Domestic team information
- 1982–1989: Scotland

Career statistics
| Competition | First-class | List A |
| Matches | 5 | 16 |
| Runs scored | 91 | 130 |
| Batting average | 15.16 | 10.00 |
| 100s/50s | –/– | –/– |
| Top score | 49 | 28 |
| Balls bowled | 360 | 300 |
| Wickets | 5 | 7 |
| Bowling average | 27.80 | 32.42 |
| 5 wickets in innings | – | – |
| 10 wickets in match | – | – |
| Best bowling | 2/26 | 3/44 |
| Catches/stumpings | 6/– | 5/– |
- Source: Cricinfo, 15 June 2022

= David Snodgrass =

Scottish cricketer

David Lang Snodgrass (born 21 November 1958) is a Scottish former cricketer.

Snodgrass was born at Glasgow in November 1958. He was educated at Hyndland Secondary School, before attending Glasgow College of Technology.

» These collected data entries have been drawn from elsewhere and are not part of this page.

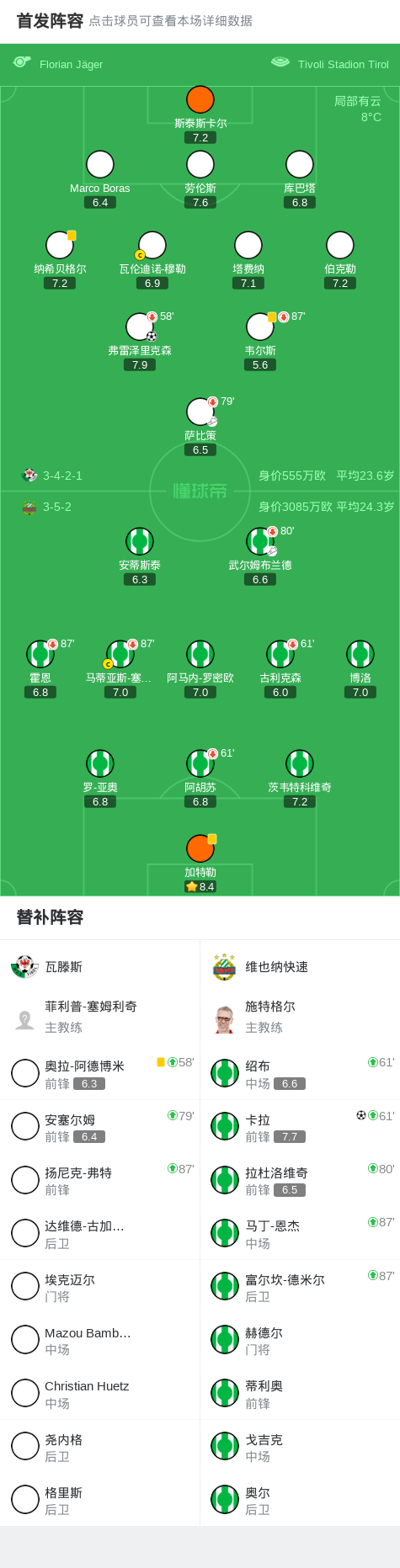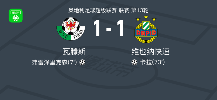 瓦滕斯1-1维也纳快速,弗雷泽里克森破门,卡拉救主
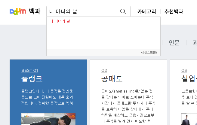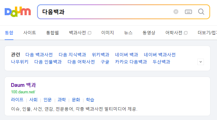 1. 다음 백과 홈페이지를 검색합니다. 참 다양한 내용들이 잘 정리되어 있습니다.
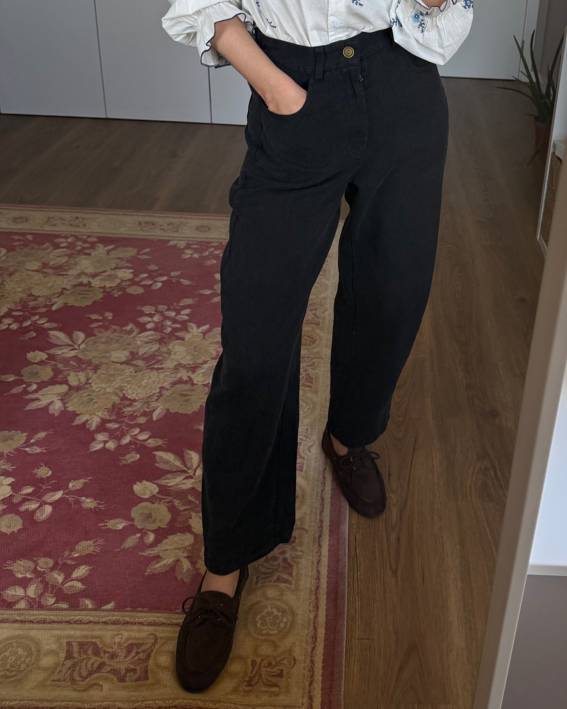 Depois do enorme sucesso que foram as nossas calças de bombazina - que repusemos durante 3 meses consecutivos, após esgotarem por diversas vezes, decidimos trazer o mesmo modelo, mas desta vez num tecido mais adequado à estação, mas que na verdade pode ser usado o ano inteiro.

A club cricketer for the West of Scotland Cricket Club, he made his debut for Scotland in a List A one-day match against English county opponents Lancashire in the 1982 Benson & Hedges Cup. Later that season he made his first-class debut against Ireland at Edinburgh; he played first-class cricket for Scotland until 1989, making five appearances all against Ireland. In one-day cricket, he played until 1989, making 16 appearances in the Benson & Hedges Cup and the NatWest Trophy. In his five first-class matches, he scored 91 runs with a highest score of 49, while with his medium pace bowling he took 5 wickets at an average of 27.80. In one-day cricket he scored 130 runs with a highest score of 28, while with the ball he took 7 wickets at an average of 32.42, with best figures of 3 for 44. Outside of cricket, he worked in the IT industry.